* Health Update:  I’m mostly feeling pretty good these days; the nasty weather we’ve had lately here in the PNW tends to wreck havoc w/ my head, and I’m not seeing any recovery of my left hand dexterity (which makes updating this site fairly frustrating and time consuming.  However, there’s still so much to be thanking God for at this special time of year.  I’m still basking in the glow of my latest MRI results (though, cautiously so).  I’ve been able to start taking my infusion treatments here in Bellingham, and enjoyed only driving 30 min., as opposed to 2. 5 hrs., to get to a 30 min. infusion.  My insurance coverage continues to be a hugh blessing (blessing, in its proper usage, meaning God invoking his favor upon someone, thus giving them a portrait of himself) – I’ve hit my copay maximums for the year, making about 5 remaining Dec. doctor appts. essentially free of charge (kind of like Canada, but w/o the wait times and rationed care).  My prescriptions keep stacking up, but I continue to just pay $5 a bottle; I stood in line the other day behind a sweet little old lady who shelled out about $130 for two bottles.  My employer, a local school district, continues to be amazing; I can take off any time I need for appts., naps, or whatever, and just make up the time whenever it works, plus the staff in my new building continues to welcome me in like a long-lost relative.  And my beloved church family regularly lifts me up with prayer, encouragement, practical support, making me laugh, and continuing to show me what Christ’s love looks like in community.

So this is Christmas…

(so begins the anti-war musings of John Lennon) 

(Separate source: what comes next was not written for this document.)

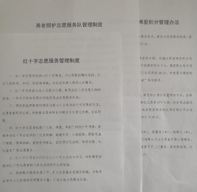 一是建立志愿服务管理制度。制定出台《红十字志愿服务管理制度》和《养老照护志愿服务队管理制度》,明确红十字志愿者招募、登记、服务范围和志愿队伍服务、管理等要求。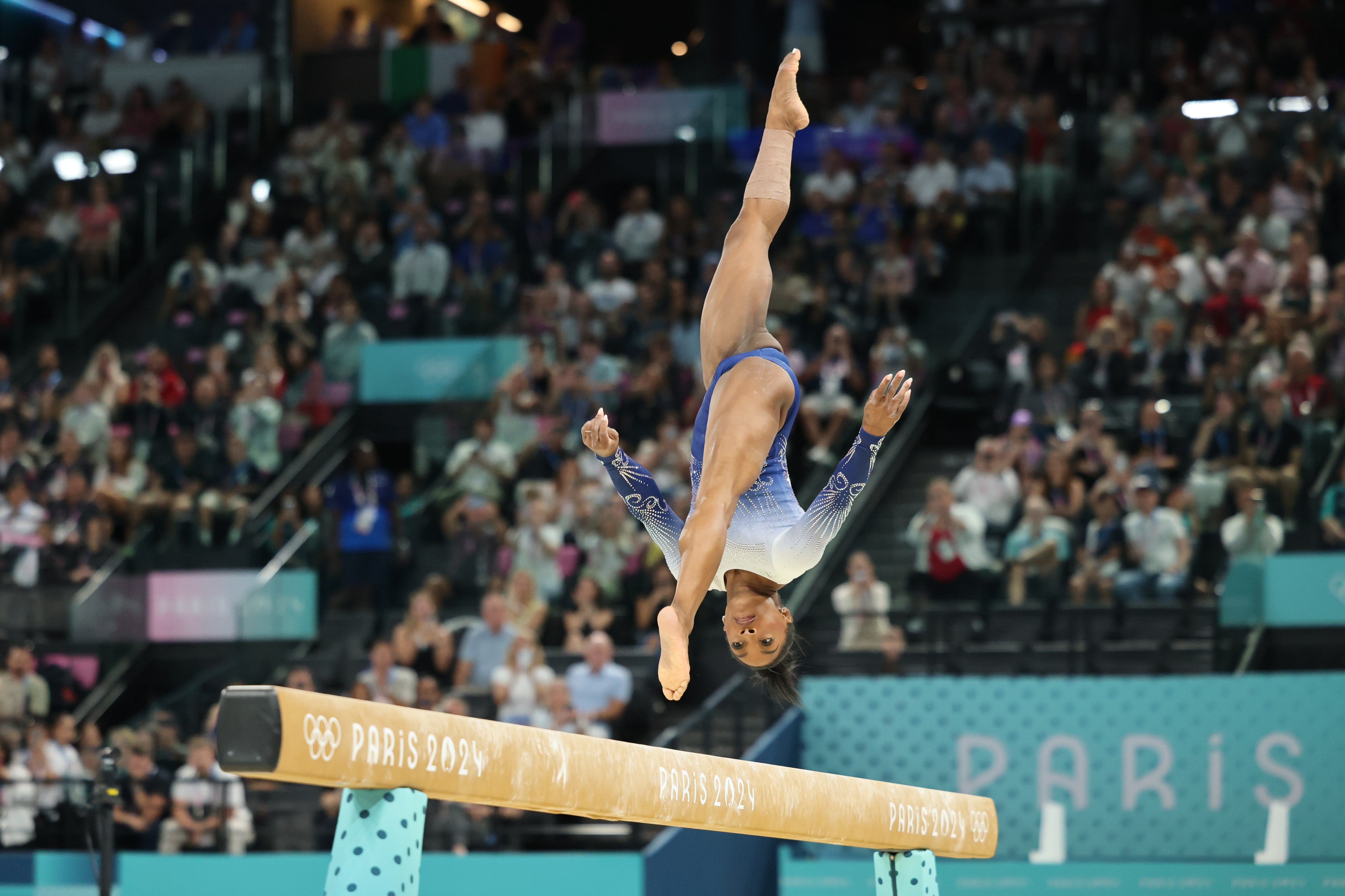 Simone Biles of Team United States competes during the Artistic Gymnastics Women's Balance Beam Final on day ten of the Olympic Games Paris 2024 at Bercy Arena on August 05, 2024 in Paris, France. A fall meant that she finished without a medal, but she claimed silver in the floor competition. (Photo by Jack Hill/The Times)

I’ve been really drawn to the plight of Christmas this year…

You see, Fellow North Americans, we’ve been sold a false Christmas.  The Christmas God gave us was one of hope, of reconciliation with a perfect, loving God.  It was one where light entered  dark, dark world, That cute little baby in the nativity set?  That little guy there went on to show us what God’s love really looks like, not what it means to follow a bunch of rules right. 

God’s love does not look like the Christmas we’ve been sold, my friends.  That Christmas tells us that traditions are based on the busyness, on obligation.  Obligation to give bigger & better gifts so that your kids, loved ones, or coworkers won’t be disappointed in you.  Obligation to match every Christmas card or gift received with one of equal or greater value being sent out.  Busyness from feeling the need to buy the best gifts, put out the best decorations, bake the best meal (for which you’ll need some help), and host the best party.  Busyness that tells you, “you’d better not screw Christmas up!”

Do we really think that our scurrying around will make for a happier holiday season?  Hey, I’m the first guy to stick up for the many, many rich traditions of Christmas found in this culture and others.  And, yes, many of those traditions revolve around giving & receiving gifts.  Great!  Gifts are awesome; I can’t tell you how many hours I’d spend pouring over the toy catalogs, lusting after the latest G.I. Joe vehicle.  So a Christmas without gifts just seems like a complete letdown; I’m nothing if not an avoider of complete letdowns.  So let’s steer the conversation away from abolishing presents altogether.

There’s got to be something in between lame, no-presents Christmas and crazy, out-of-control Christmas.  What if Christmas didn’t come with the phrase, “There’s so much to do!  I’ll never get it all done in time!”?  What if God even found a way to sneak back in there? 

Does that mean round-the-clock reading of the Christmas story?  Maybe for you, but my family would find that just a bit weird (no offense).  Instead, perhaps, some new traditions could take the place of the old ones?  Maybe “crazy presents time” could be supplanted by “fun minimal gift exchange game” or “board game time with quiet gift exchange done in smaller settings?”  And maybe, just maybe, your family could decide to give some of the money you would have spent on fairly meaningless gifts for people who really don’t need anything, and instead direct it towards some worthy effort that the whole family could choose to learn about & support. 

Maybe some of your new traditions could even take on some sacred significance,

Letting go of spending and rushing around is not an easy thing for those of us in a “stuff”- driven culture that places great value on overcommitment.  But, before dismissing these ideas as “pretty extreme,”  You should ask yourself if you’re really feeling happy with how you celebrate the beautiful gift God has given us, and if you feel like you could not do as much and still feel valued.  I hope so…

We’ve lost Christmas; let’s take it back….  It is, after all, the happiest time of the year!